What kind of columns were used in the Globe and how they were ornamented, we do not know, but presumably they were round. Jonson, in Every Man Out of His Humour, presented on the occasion of, or shortly after, the opening of the Globe in 1599, says of one of his characters: "A well-timbered fellow! he would have made a good column an he had been thought on when the house was abuilding."[392] That Jonson thought well of the new playhouse is revealed in several places; he speaks with some enthusiasm of "this fair-fitted Globe,"[393] and in the passage already quoted he calls it "the glory of the Bank."
In shape the building was unquestionably polygonal or circular, most probably polygonal on the outside and circular within. Mr. E.K. Chambers thinks it possible that it was square;[394] but there is abundant evidence to show that it was not. The very name, Globe, would hardly be suitable to a square building; Jonson describes the interior as a "round";[395] the ballad on the burning of the house refers to the roof as being "round as a tailor's clew"; and the New Globe, which certainly was not square, was erected on the old foundation.[396] The frame, we know, was of timber, and the roof of thatch.

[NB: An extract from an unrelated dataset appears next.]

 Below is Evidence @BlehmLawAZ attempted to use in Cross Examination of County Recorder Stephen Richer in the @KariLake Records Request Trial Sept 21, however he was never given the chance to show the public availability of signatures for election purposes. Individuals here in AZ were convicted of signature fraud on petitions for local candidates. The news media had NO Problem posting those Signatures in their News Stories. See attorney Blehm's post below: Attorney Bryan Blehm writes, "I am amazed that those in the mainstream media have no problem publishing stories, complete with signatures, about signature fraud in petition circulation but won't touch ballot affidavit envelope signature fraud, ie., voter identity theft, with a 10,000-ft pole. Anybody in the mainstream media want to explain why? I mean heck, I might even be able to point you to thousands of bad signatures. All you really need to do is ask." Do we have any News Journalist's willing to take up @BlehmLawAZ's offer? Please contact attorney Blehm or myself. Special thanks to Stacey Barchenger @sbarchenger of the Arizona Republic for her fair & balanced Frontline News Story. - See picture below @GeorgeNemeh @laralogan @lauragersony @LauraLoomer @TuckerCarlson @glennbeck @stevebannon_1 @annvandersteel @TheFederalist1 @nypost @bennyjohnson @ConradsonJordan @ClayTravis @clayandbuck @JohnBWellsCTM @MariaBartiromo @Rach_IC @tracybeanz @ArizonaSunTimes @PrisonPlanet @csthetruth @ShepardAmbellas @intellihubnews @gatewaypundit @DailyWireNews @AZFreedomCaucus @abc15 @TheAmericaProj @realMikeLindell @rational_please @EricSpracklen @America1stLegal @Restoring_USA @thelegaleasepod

In front of the main door was suspended a sign of Hercules bearing the globe upon his shoulders,[397] under which was written, says Malone, the old motto, Totus mundus agit histrionem.[398]

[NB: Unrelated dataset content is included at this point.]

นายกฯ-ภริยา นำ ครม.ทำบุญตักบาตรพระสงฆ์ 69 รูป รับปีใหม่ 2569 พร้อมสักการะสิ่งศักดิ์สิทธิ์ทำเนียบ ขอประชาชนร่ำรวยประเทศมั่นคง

The earliest representation of the building is probably to be found in the Delaram [View of London] (opposite page [246]), set in the background of an engraving of King James on horseback. This view, which presents the city as it was in 1603 when James came to the throne, shows the Bear Garden at the left, polygonal in shape, the Rose in the centre, circular in shape, and the Globe at the right, polygonal in shape. It is again represented in Visscher's magnificent [View of London], which, though printed in 1616, presents the city as it was several years earlier (see page [253]). The [Merian View of 1638] (opposite page [256]) is copied from Visscher, and the View in Howell's Londinopolis (1657) is merely a slavish copy of Merian; these two views, therefore, so far as the Globe is concerned, have no special value.[399]
THE FIRST GLOBE
From an old drawing in an extra-illustrated copy of Pennant's London now in the British Museum. Apparently the drawing is based on Visscher's View.